ちょうど通りかかったおかみさんに、話をきいてみた。
宿は昭和37年、まだ海岸一帯が国定公園だったころに建てられた。そのころは規制もゆるやかだったが、その後、国立公園に昇格され、景観を損ねるからというので他に建物が建てられなくなり、たった一軒の宿になってしまったのだという。
貴重な海辺の宿なのだが、町の中心からは離れているし、周囲にレストランや食堂もないので、あまり観光客が来てくれないらしい。
宿の下には階段があり、水際まで降りていくことができる。岩でつくった巨大ないけすには、大小さまざまな魚が泳いでいた。ときには、ぽーんととびあがる元気なものもいる。
生け簀には海の水が流れこむようになっているのだが、深いところで泳いでいた魚の中には、長いこと生きられないものもある、釣ってきたら、なるべく早くさしみにしてお客さんに出すようにしています、とおかみさんは言っていた。

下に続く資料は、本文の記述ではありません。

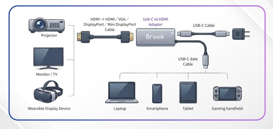 We've tested it out ourselves and can confirm that it hooks up to a 4K LG TV with no issues, but it will also work on devices like projectors. It goes without saying that you'll need to make sure you have an HDMI cable handy, while Brook also recommends you use the original Switch 2 AC adapter for power.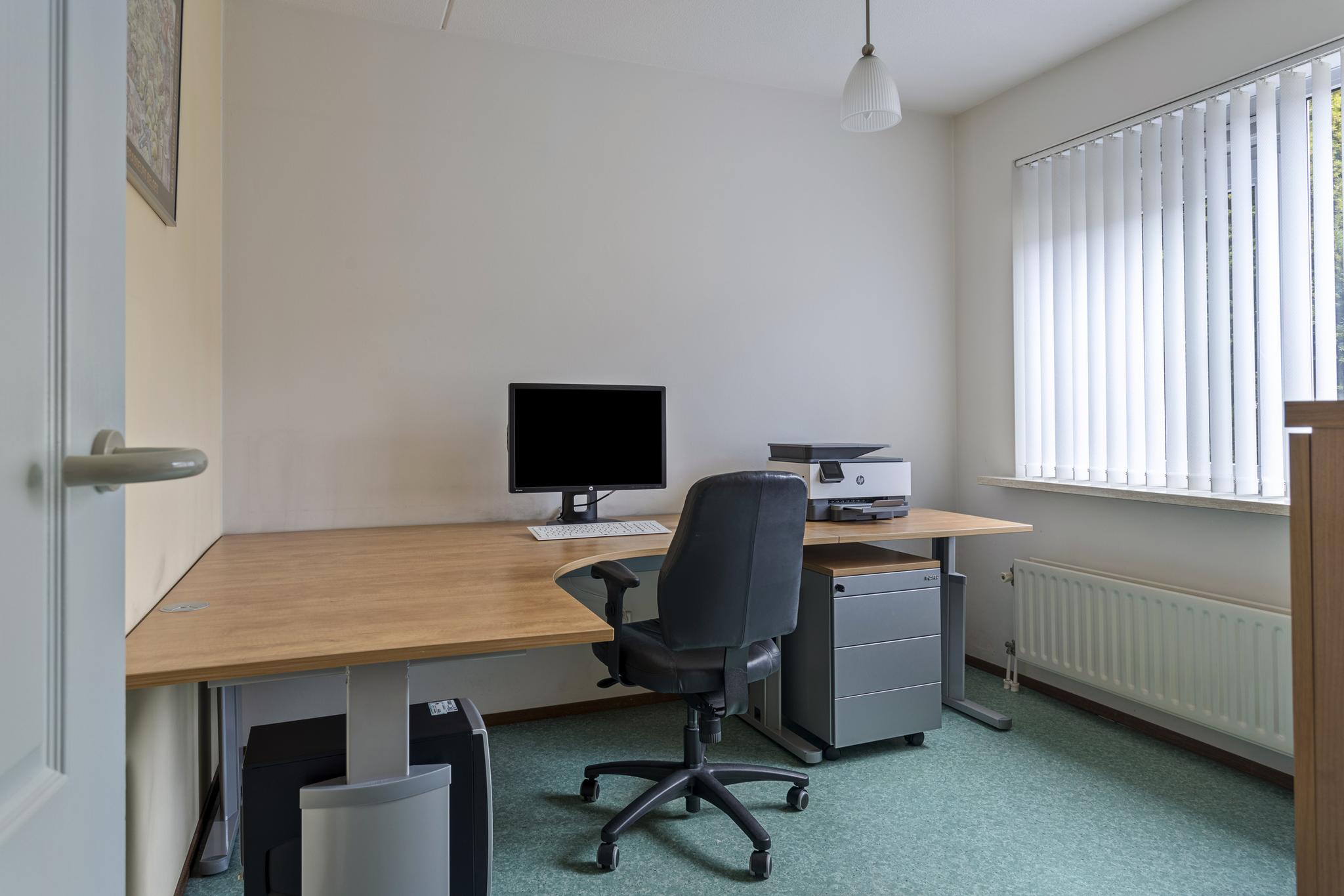 Het kantoor is gelegen aan de voorzijde van de woning en heeft een mooi groot raam. Deze ruimte is ook geschikt als hobbykamer.

湾内では海草も沢山とれるが、不思議なことに、夏になる前に必ず大しけがきて、全部ちぎれてなくなってしまう。だから、夏休みには湾がきれいで、泳ぐこともできるのだ、という話もきいた。
海に面した部屋はたった六部屋。お風呂は地下で、目の前が海。海水浴のシーズンには是非泊まりに来ますから、と約束して宿をあとにした。